Does anyone have a clue what to do? As a demonstration of the problems I am having, trying posting that sample Latin Croatian text outside of CODE markup and the post will not preview.

ofnuts · **Joined:** Oct 25, 2010 **Posts:** 4739

The $10K question is what encoding you get from MySQL? What type are the strings, str or Unicode. How do they display with a "print" instruction? And remember that the Gimp API expects Unicode, not str.

Grafx · **Joined:** Mar 15, 2013 **Posts:** 36

ofnuts wrote:

The $10K question is what encoding you get from MySQL? What type are the strings, str or Unicode. How do they display with a "print" instruction? And remember that the Gimp API expects Unicode, not str.

I tried using pdb.gimp_message(my_string) and got,

Code: Select all

Calling error for procedure 'mysql_field':
Procedure 'gimp-message' has been called with value 'xxxxxži?' for argument 'message' (#1, type gchararray). This value is out of range.

xxxxx..i? represents the string with the Latin Croatian characters in it. The Latin Croatian "z" made it, but the question mark represents a character that didn't.

Is there another "print" function I should try to expose further what is going on?

saulgoode · **Posted:** Sat Apr 06, 2013 1:54 pm **(#4)**

GIMP handles printing the string as copied from your first post just fine. (Also, in my browser the text appears fine even if outside of CODE blocks.)

Python:
pdb.gimp_message("žćšćščĐđćžćŽ")

Script-fu:
(gimp-message "žćšćščĐđćžćŽ")

This suggests (as Ofnuts opined) that your problem lies with how MySQL is encoding the string.

ofnuts · **Joined:** Oct 25, 2010 **Posts:** 4739

Grafx wrote:

ofnuts wrote:

The $10K question is what encoding you get from MySQL? What type are the strings, str or Unicode. How do they display with a "print" instruction? And remember that the Gimp API expects Unicode, not str.

I tried using pdb.gimp_message(my_string) and got,

Code: Select all

Calling error for procedure 'mysql_field':
Procedure 'gimp-message' has been called with value 'xxxxxži?' for argument 'message' (#1, type gchararray).

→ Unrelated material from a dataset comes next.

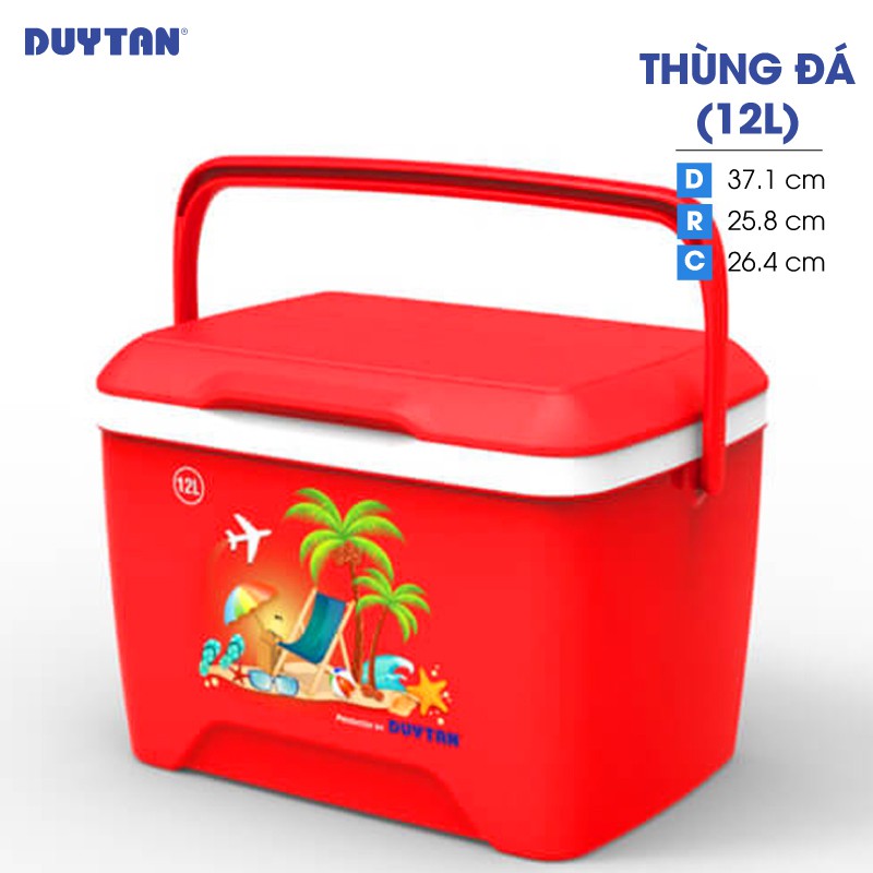 Thùng đá nhựa Duy Tân dung tích 12L - Kích thước 37.1 x 25.8 x 26.4 cmThùng đá nhựa Duy Tân dung tích 12L - No.0238 có kích thước 37.1 x 25.8 x 26.4 cm. Bình được thiết kế có kiểu dáng sang trọng, màu sắc đa dạng, công nghệ PU giữ lạnh cực lâu, vòi xả tiện dụng, phù hợp để sử dụng tiệc trong nhà hoặc ngoài trời, đi du lịch..

This value is out of range.

xxxxx..i? represents the string with the Latin Croatian characters in it. The Latin Croatian "z" made it, but the question mark represents a character that didn't.

Is there another "print" function I should try to expose further what is going on?

Assumin your string varaible is "s" what is the output of:

Code: Select all

pdb.gimp_message(type(s))

and

Code: Select all

pdb.gimp_message(','.join([str(ord(c)) for c in s]))

Grafx · **Joined:** Mar 15, 2013 **Posts:** 36

Code: Select all

pdb.gimp_message(type(s))

For that message, I get,

Code: Select all

<type 'str'>

Code: Select all

pdb.gimp_message(','.join([str(ord(c)) for c in s]))

For that message, I get,

Code: Select all

75,97,114,97,100,158,105,63

I'm pretty sure that this string represents the same string I posted previous. It most certainly contains Latin Croatian characters. No doubt about it.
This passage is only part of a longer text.